How to deal with varying number of features and high feature correlation in DIABLO?


I am working with three datasets (proteomics, ptm and transcriptomics) of over 100 samples. I am interested in building a binary or multiclass classification model integrating these three data types. After reading some of the suggestions and running a few rounds of tuning in different models, I came across a few different issues, and would appreciate some insight.

  1. When selecting the optimal number of features, I run 5-fold CV with 100 repeats. I start with a grid of say seq(1,301,50) with the goal of roughly estimating where further tunings should be. In the case, for instance, where the suggested keepX is like 1, 50 and 300 for different blocks, how to best approach it? My first thought is to potentially sacrifice model performance and stick with say seq(1,71,10) for a second round and go from there.

  2. My second question relates to the first one. I suspect one of the issues I have is high correlation between features, especially for PTM data. As it would be interesting for me to keep the resolution of the data, is there a best way to circumvent this? On all three datasets, I already perform some filtering prior to integration to keep features with say less than 30% NA values and the top 30% highest variance. So I am working with around 3000 features in each block from initial 20k.
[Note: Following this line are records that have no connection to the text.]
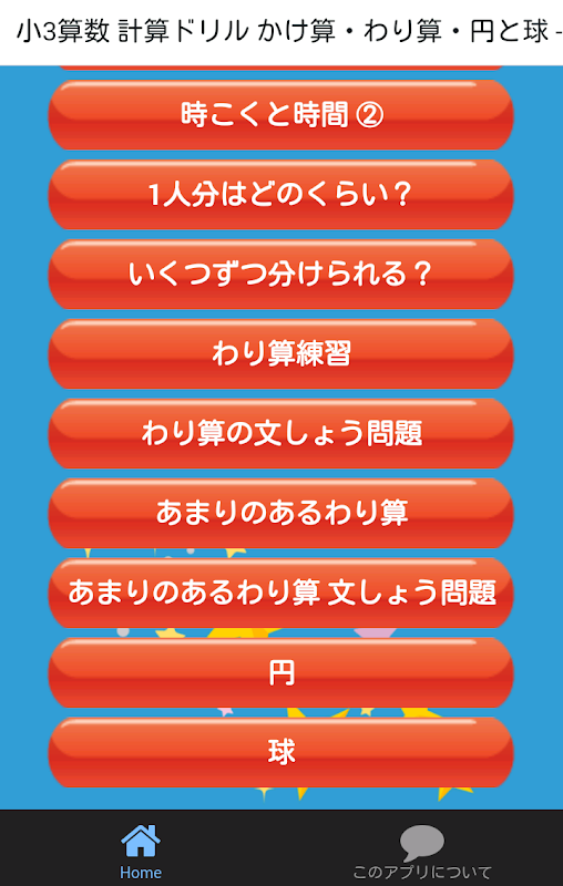 小学三年生算数 小学生向けの無料勉強アプリです。かけ算・わり算・時刻と時間・円・球・あまりのあるわり算など、小3の1学期に学習する範囲の計算ドリルです。
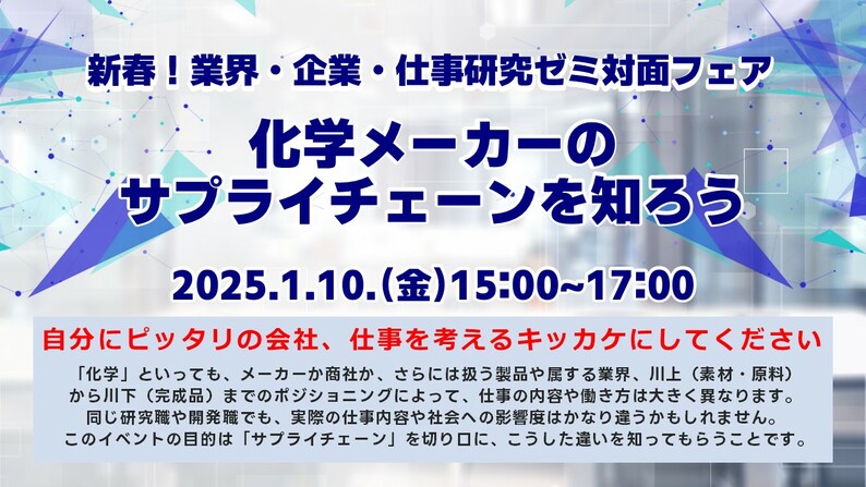 形式 | 対面+オンライン <対面の場合> 会場:長瀬産業本社ビル 東拓工業会議室 大阪市西区新町1-1-17 大阪メトロ四ツ橋線「四ツ橋駅」徒歩10分 |
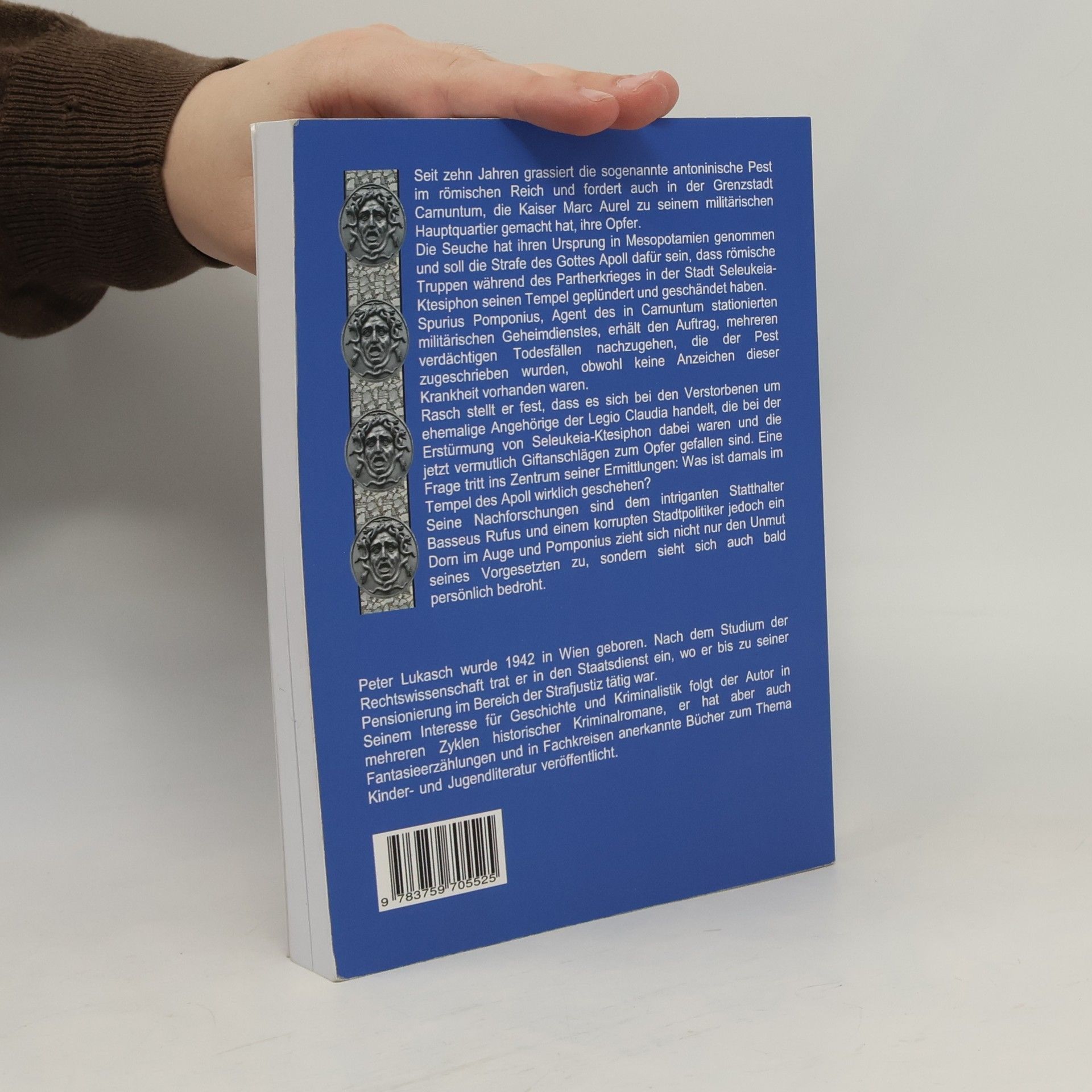 Seit zehn Jahren grassiert die sogenannte antoninische Pest im römischen Reich und fordert auch in der Grenzstadt Carnuntum, die Kaiser Marc Aurel zu seinem militärischen Hauptquartier gemacht hat, ihre Opfer. Die Seuche hat ihren Ursprung in Mesopotamien genommen und soll die Strafe des Gottes Apoll dafür sein, dass römische Truppen während des Partherkrieges in der Stadt Seleukeia-Ktesiphon seinen Tempel geplündert und geschändet haben. Spurius Pomponius, Agent des in Carnuntum stationierten militärischen Geheimdienstes, erhält den Auftrag, mehreren verdächtigen Todesfällen nachzugehen, die der Pest zugeschrieben wurden, obwohl keine Anzeichen dieser Krankheit vorhanden waren. Rasch stellt er fest, dass es sich bei den Verstorbenen um ehemalige Angehörige der Legio Claudia handelt, die bei der Erstürmung von Seleukeia-Ktesiphon dabei waren und die jetzt vermutlich Giftanschlägen zum Opfer gefallen sind. Eine Frage tritt ins Zentrum seiner Ermittlungen: Was ist damals im Tempel des Apoll wirklich geschehen? Seine Nachforschungen sind dem intriganten Statthalter Basseus Rufus und einem korrupten Stadtpolitiker jedoch ein Dorn im Auge und Pomponius zieht sich nicht nur den Unmut seines Vorgesetzten zu, sondern sieht sich auch bald persönlich bedroht.
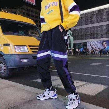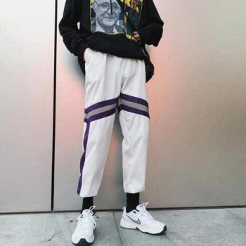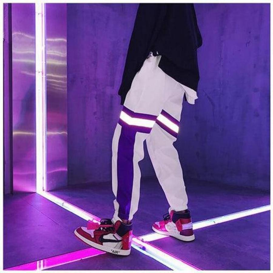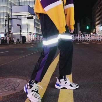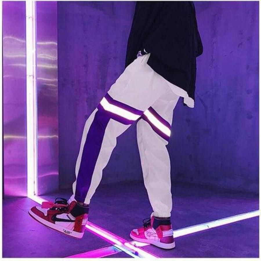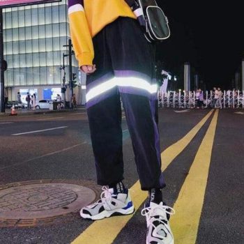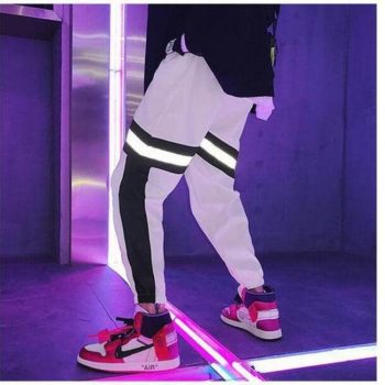new hip hop reflective pants harajuku casual black cargo pants women elastic high waist pants streetwear sweatpants jogger
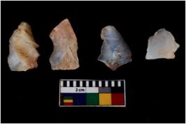 | Description / विवरण | There are n 4 of utilized worked cores and show multidirectional irregular scar pattern on both dorsal and ventral sides. |
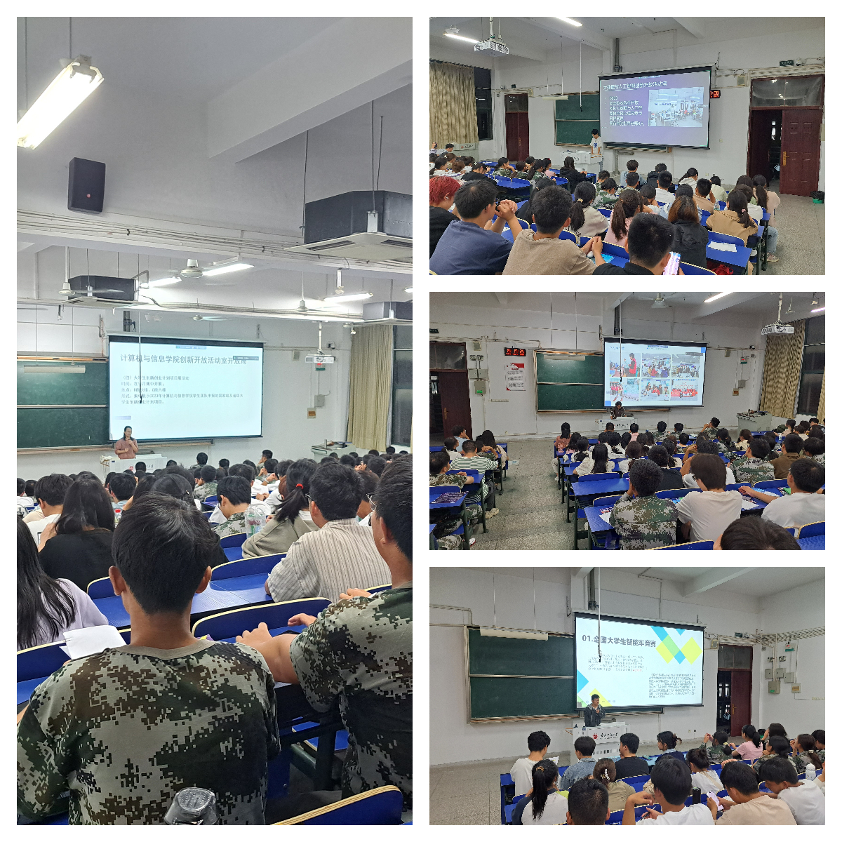 在创新开放活动室宣讲环节,计算机、智能车、物联网、软件与网络应用、机器人、大数据与人工智能、机器人、程序设计8个创新开放活动室的学生负责人分别介绍了各种活动室开展的特色活动、关注的赛事、荣誉、软硬件资源。院领导、创新创业教育中心教师代表、创新开放活动室学生代表、计算机与信息学院23级全体学生454人参加了本次活动。
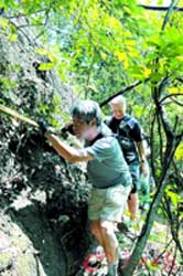 在剛剛結(jié)束的對廣東丹霞山進(jìn)行實地考察評估中,兩位IUCN考察專家格里姆·沃博伊斯博士和禹卿植博士對照申報世界遺產(chǎn)符合的標(biāo)準(zhǔn)、提名地保護(hù)管理狀況、當(dāng)?shù)孛癖姷闹С謶B(tài)度三個方面進(jìn)行考察評估。專家還深入無人區(qū)進(jìn)行實地考察(見左圖),穿越大石寨、大石坳、清風(fēng)寨、翔龍湖等地了解遺產(chǎn)資源和保護(hù)管理情況。他們還到瑤塘新村與當(dāng)?shù)卮迕褡劊蜕陥笫澜邕z產(chǎn)的意義和利弊進(jìn)行了交流詢問。
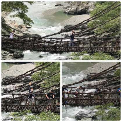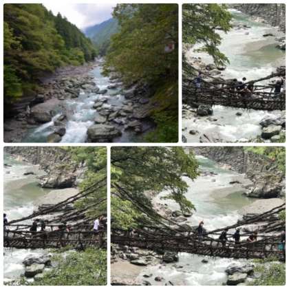 いよいよ体験学習がスタートしたようです。まずは祖谷のかずら橋です。先生からのコメントは「めちゃくちゃこわかったです…」でした。
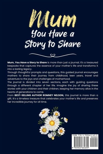 Mum, You Have a Story to Share is more than just a journal; it's a treasured keepsake that captures the essence of your mother's life and transforms it into a lasting legacy. Through thoughtful prompts and questions, this guided journal encourages mothers to share their journey from childhood, teen years, travel and adventure to the joys and challenges of motherhood. The journal is divided into seven sections, each with guiding questions through a different chapter of her life. Imagine the joy of sharing these stories with your children and their children, keeping her memory alive in the hearts of generations to come. With over 200 thought-provoking questions and prompts, Mum, You Have a Story to Tell is a cherished and enjoyable way to inspire your Mum to share and preserve her life story. Features & Benefits:200+ Guided Prompts: Carefully selected questions gently guide your Mum through her memories, making it easy and enjoyable for her to reflect, write, and share the stories of her life. Perfectly Sized: With 80+ elegantly designed pages, the 7x10 inch journal is crafted for ease of use and portability, ensuring your Mum can carry it anywhere. Available in both paperback and hardcover options. Beautifully Crafted for Your Mum: This thoughtfully designed guided journal invites your Mum to explore and celebrate her life's journey. Each page is an opportunity to capture the essence of her incredible story. From BEST-SELLING AUTHOR ROMNEY NELSON, this journal is more than a gift; it's a timeless treasure that celebrates your mother's life and preserves her incredible journey for all time.

Thank you in advance for the assistance.

Sorry. For point 1, I meant largely different keepX values for different components within the same block. For instance, I end up with 4 and 100 for components 1 and 2 respectively on the PTM block. Given that the other blocks seem more stable, I wonder if it could be a result of high correlation within the block.

hi @sergiomosquim,

1 - yes, sometimes a small number of selected variables indicate that either the classification is easy with only a top few. Best is to look at how the classification errors look like on the first component (using perf() after you fit the block.splsda with some chosen keepX values) to see if this is the case. Usually a large number of variables means there is a lot of noise and no clear minimum in the error rate. You have to think of how you would ‘like’ the results to look like: small or large signature and choose your grid accordingly (or, not tune at all, but you can still estimate the performance with perf() on your final model). Also, since you mention it in point 2, perhaps the NA values also create some instability. Have a look at the stability from perf() to see what is happening in relation to the number of variables selected.

2 - I think it is fine to keep 3,000 features. Stability will tell you a lot about the correlation between these features and whether the method selects some PTM variables interchangeably.